Le dialogue entre les grandes religions est d’un enjeu considérable pour l’avenir de notre civilisation planétaire. À partir des ressources spirituelles de leurs Écritures et de leurs traditions, leur vocation historique commune est de travailler à l’humanisation de la mondialisation, sans craindre de brader leurs fois respectives. Si toute relation implique l’esprit de responsabilité, nous avons celle, civique, d’instaurer ensemble une pratique cordiale de l’altérité.

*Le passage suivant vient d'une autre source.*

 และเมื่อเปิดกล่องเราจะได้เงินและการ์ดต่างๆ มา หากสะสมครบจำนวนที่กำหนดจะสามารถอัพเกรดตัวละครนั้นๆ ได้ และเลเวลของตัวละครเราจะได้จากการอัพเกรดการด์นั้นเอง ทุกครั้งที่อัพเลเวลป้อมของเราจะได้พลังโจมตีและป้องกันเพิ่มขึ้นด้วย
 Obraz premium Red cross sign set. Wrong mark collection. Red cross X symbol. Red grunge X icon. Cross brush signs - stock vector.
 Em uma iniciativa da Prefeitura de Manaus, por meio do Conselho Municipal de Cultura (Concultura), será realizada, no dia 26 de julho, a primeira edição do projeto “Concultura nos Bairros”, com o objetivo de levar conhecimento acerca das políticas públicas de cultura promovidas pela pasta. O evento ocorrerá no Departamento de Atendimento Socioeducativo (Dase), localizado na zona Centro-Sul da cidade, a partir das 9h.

Qui sont ceux que l’on caricature ?
Des déracinés, sans attaches, paumés, qui manquent de repères, endurent l’exclusion, à la fois sociale et culturelle, bref, qui souffrent d’un vrai malaise identitaire. En devenant djihadistes ils passeront d’une stigmatisation subie à une dissidence choisie.
Ces gens, qui ne connaissent pas grand-chose à l’islam, mettent leur révolte au service d’une cause, plus valorisante à leurs yeux que la délinquance. Dieu n’est jamais qu’un alibi. L’islamisme n’est pas une religion. C’est l’accaparement, l’appropriation d’une doctrine radicalisée, instrumentalisée en vue d’imposer un système de gouvernance totalitaire, au service d’une haine de la modernité, de l’Occident.

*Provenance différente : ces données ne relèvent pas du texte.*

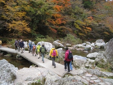 その後、渓谷沿いを散策しました。モミジやツタウルシ、ブナなどの紅・黄葉には少し早い時期でしたが、両岸に広がる広葉樹の林はその周りにある人工林の森と比べ、なんと明るいことか! 解放感を楽しみました。語学の先生が自分の国と同じような風景だと感傷にふけっている姿を見て、ニュージーランドには日本のように徹底した人工林の森は少ないことを知り、山の保全、利用のし方を考える機会になりました。
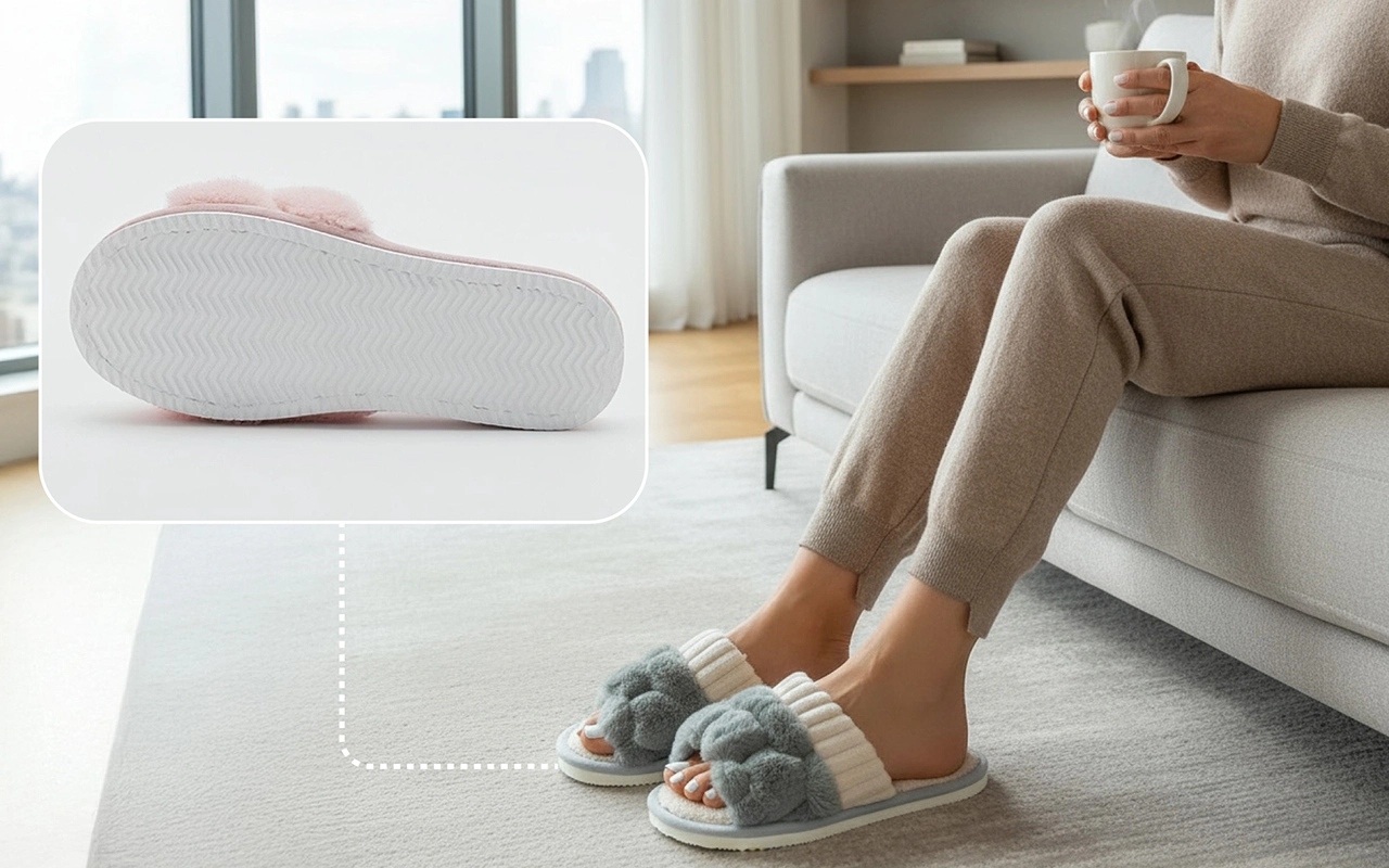 Fühlen Sie sich auf jedem Boden sicher durch die rutschfeste EVA-Sohle. Gehen Sie bedenkenlos im Haus, ohne Angst vor Ausrutschen oder Stolpern.
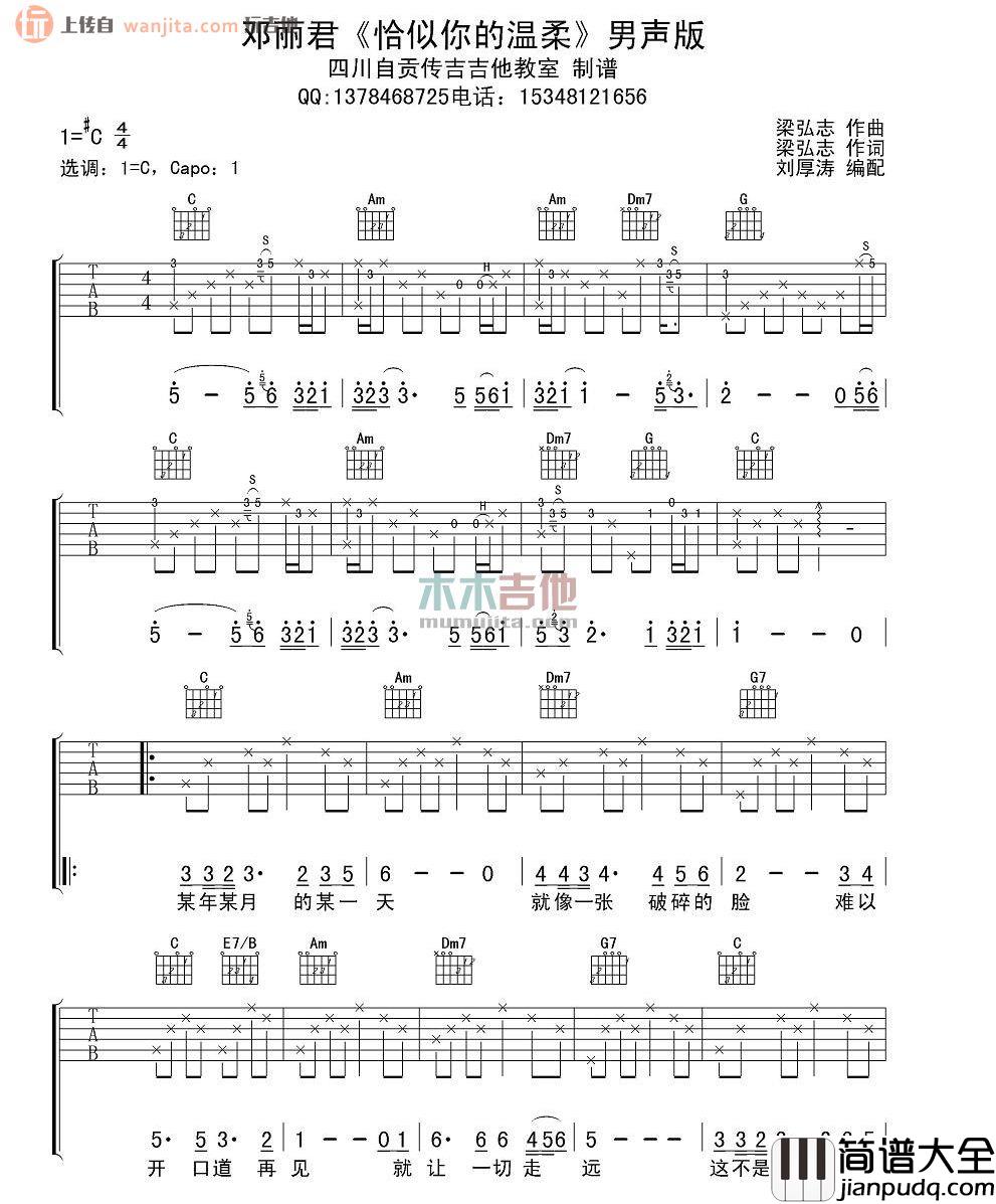 《恰似你的温柔》吉他谱C调,不使用变调夹,由刘厚涛编排。这个版本的吉他谱是男生版,舒缓的前奏带给人经典的享受,吉他弹唱是这首歌曲更富感染力。

Qui les caricatures visent-elles ?
On entend : « vous serez « courageux » si vous persistez à moquer l’autre » , « lâche » dans le cas contraire. C’est un piège sémantique.
Quand Cabu campe le Prophète en pleurs s’écriant : « C’est dur d’être aimé par des cons ! », la cible, ce sont les islamistes.
Quand Mahomet est représenté nu en prière offrant une vue imprenable sur ses fesses, la cible c’est l’islam, et donc les musulmans. Nuance !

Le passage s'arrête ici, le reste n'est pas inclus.